The Herald Bulletin

Evening Update


June 21, 2014

Viewpoint: Today's young people have great hope

I took a picture during my son’s graduation at Anderson High School June 7, 2014. It is Anderson High School band members playing their bagpipes as an Indian statue stands lookout in the old Pirate Gym. Twenty-seven years ago, almost to the day, I graduated from that same gym not as an Indian, but as a Pirate. On that warm summer evening in 1987 if you had given me a million guesses I would have never dreamed that a short 27 years later the Pirate Palace would be now called the Tepee and be done in red and green instead of scarlet and black. It looked weird to me, upsetting in a way. I was a three-sport athlete at MHHS. I bled scarlet and black and I hated the Indians. I was jealous of their history, traditions, and overall ability to beat us in most team sports. They were my sworn enemy. So as I sat in that same gym 27 years later, I found it disheartening to see no Pirate signs and all of that red and green.

Then something happened. The Class of 2014 marched into the gym including my son and they had the look of excitement, hope and dreams to be reached. They beamed with pride off what they had accomplished and what lied before them. At that moment I realized it didn’t matter what they called the gym or what colors were on the wall. I realized that my memories of times gone past would always be mine and that I was lucky enough to witness these young people establish theirs. I also realized that they get it.

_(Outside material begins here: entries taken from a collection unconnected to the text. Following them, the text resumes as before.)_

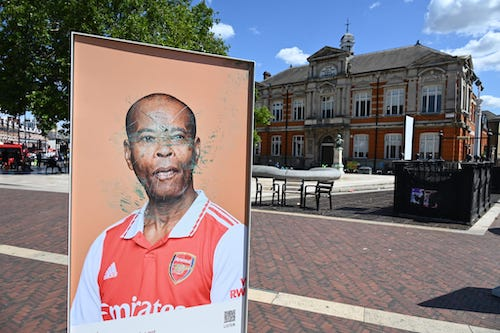The vandalised image of the late Clovis Salmon, also known as Sam the Wheels, a beloved Windrush documentarian whose photographs chronicled Black British life for decades (Pic: Ros Griffith)
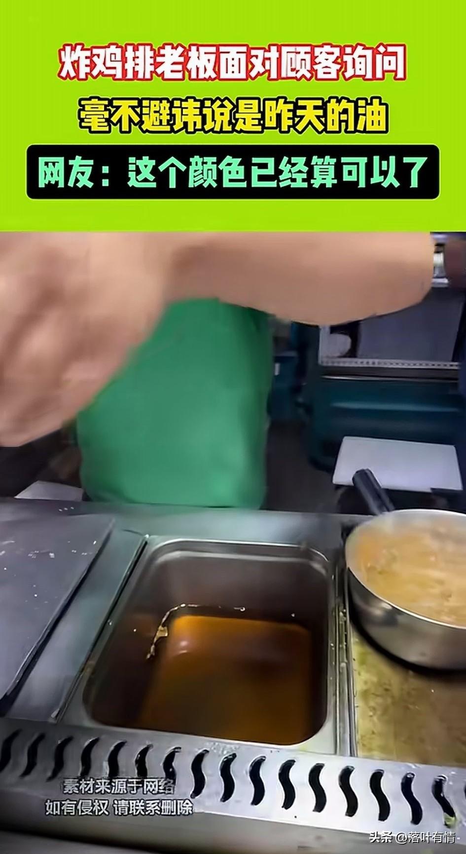 男子在摊位上买了一块炸鸡排, 老板是个戴眼镜的小伙子, 给他炸好之后递给了他, 当时冒昧的问了老板, 你的油是不是该换了? 戴眼镜的小伙子表示, 嗯,这油是用了三天了, 今天用完就换了, 男子笑了笑说,你太诚实了, 小伙子表示这有啥? 两个人都非常的坦荡, 男子问老板的目的, 就是讽刺他的油有点儿黑了, 结果没想到网友都说, 这油才用了三天, 挺好的,根本没有啥事儿, 又不是地沟油, 比有些老板的有好多了, 敢于当面告诉顾客的老板, 那都是对自己的产品有信心, 大家觉得对吗? 摆摊鸡排哥 油煎炸鸡排 鸡鸡排 鸡排炸制技巧
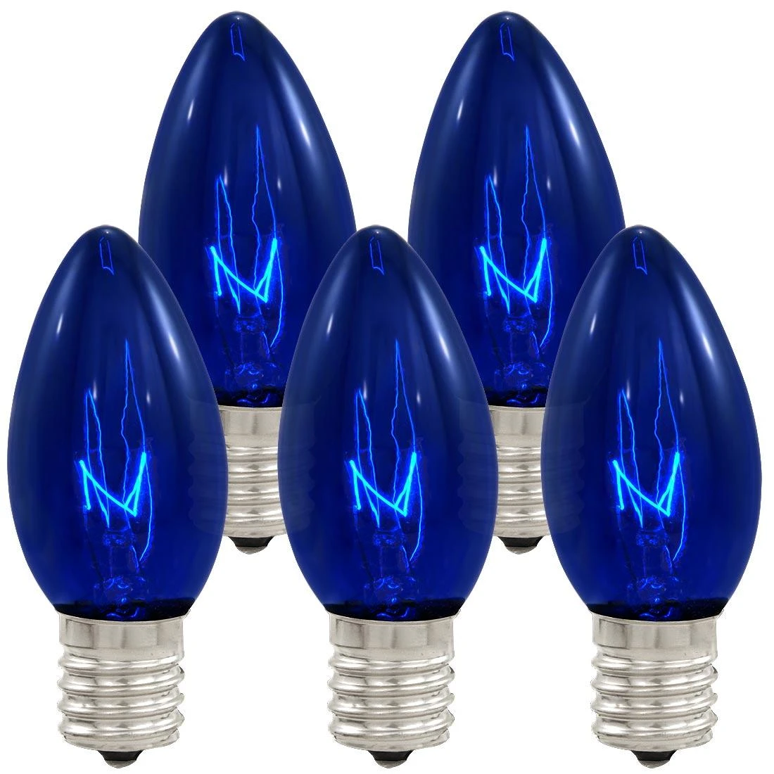 Restore a sapphire flair to that old light strand with this deLIGHTful pack of transparent C9 replacement lamps! 25 blue-colored C9 replacement lamps are double-coated with pigment to shine brightly with rich color. Commercial grade, these replacement bulbs feature weatherproof bases and fade-and peel-resistant coatings to withstand winter weather and corrosive ocean air.
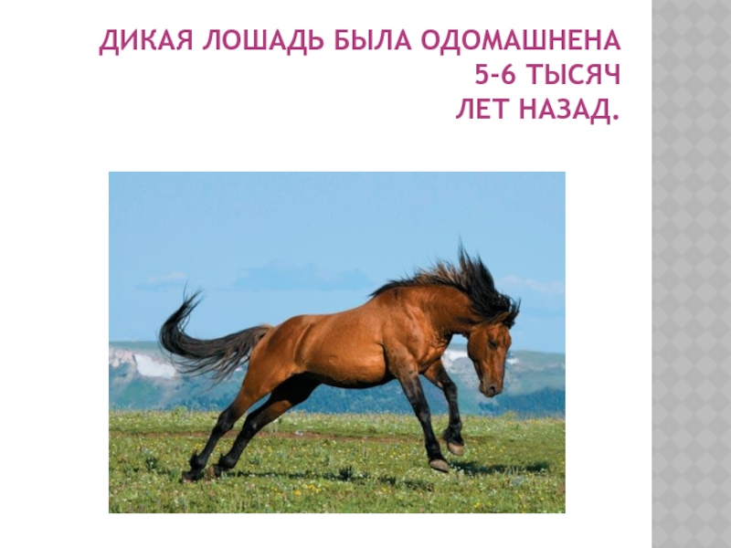 Слайд 3ДИКАЯ ЛОШАДЬ БЫЛА ОДОМАШНЕНА 5-6 ТЫСЯЧ ЛЕТ НАЗАД.
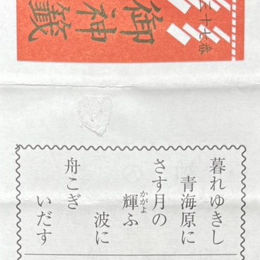 初詣、おみくじ引いたらルナ吉だった。和歌がLUNA SEAだった。 月(LUNA)青海原(SEA) …その中へ、舟をこぐ ってステキね。。 輝ふ(かがよう) って言葉を初めて知った。=きらきら光って揺れる、きらめく
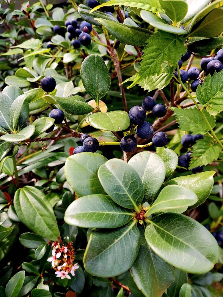 散歩途中で出会ったシャリンバイ👀‼️黒紫色のたくさんの実と梅の花に似た可愛いお花が咲いていました😃💓
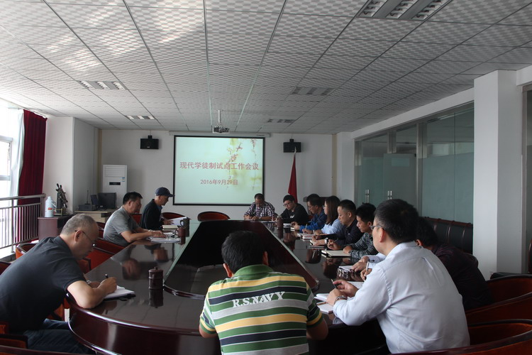 9月29日下午,学校在图书信息楼四楼会议室召开现代学徒制试点工作推进会,校领导韩耀煌、王怀钦,现代学徒制试点工作领导小组全体成员参加。

My son’s class was one of the first to go to Highland for their freshman year. There would be no more Scots just like there would be no more Pirates. It was wrong, many of the adults said in the community at the time. It will never work. There will be fights and divisions, we adults said. We knew for sure that it would fail, just like 27 years ago I knew my gym would always be scarlet and black. A funny thing happened though, no one must have told the kids. They came together as one and created a new identity. They took pride and found a way to respect and honor their past, but, not get hung up on it. They simply moved forward. Twenty-seven years ago watching bagpipes being played with an Indian statue in my Pirate Palace would have appalled me. Yesterday as I watched and listened to it, it was one of the most moving and beautiful things I have ever seen.